Today I fly back to the east coast after two days at a workshop at Arizona State University’s Center for the Study of Religion and Conflict. There were thirteen participants who converged from all over the United States and Europe to discuss their work on the topic of Minorities and Belonging.
I was the only philosopher in the group. All of the others were sociologists, historians, and scholars in law, women’s and gender studies, religious studies, and peace studies, most of whom do hands-on research into the plight of refugees and displaced persons in South Asia, in Greece, and in the squalid refugee camps of Northern France. Participants spoke of horseback processions of Native Americans visiting the sites of horrific massacres to heal the still-raw wounds of genocide, the desecration of sacred sites on the southern border of the United States, the horrific dehumanization of Muslims in the Indian state of Assam, and much, much more.

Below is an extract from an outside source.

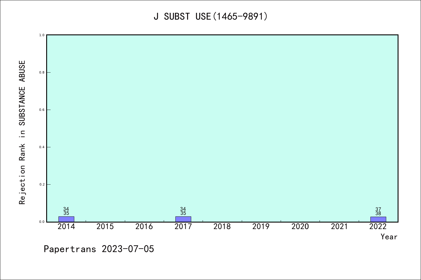 SSCI期刊Journal of Substance Use历年拒稿占比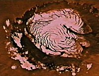 THE FORMS, NICKNAMED CLARKE TREES, HAVE BEEN SPOTTED IN AT LEAST FOUR POLAR VALLEYS. THEY PROVIDE ONE OF THE ENIGMAS THROWN UP BY THE IMAGES FROM MARS. MARS GLOBAL SURVEYOR PHOTOS SHOWED TRANSLUCENT STRUCTURES RESEMBLING GIANT WORMS 40 FEET ACROSS. BUT MOSTLY, THE PLANET THOUGHT TO BE DRY SHOWED SIGNS OF WATER. AND PLENTY OF IT.

I was asked to give a public-facing talk—the 2022 Hardt-Nickachos Lecture in Peace Studies—the only component of the meeting that was open to the public. My presentation was titled Real Horror: Race, Gender, and Dehumanization. Here is a video of what I had to say.
Listening to the presentations of fellow participants was both mind-stretching and heart-rending, driving home yet again the ways that dehumanization continues to fuel violence, oppression, and human suffering.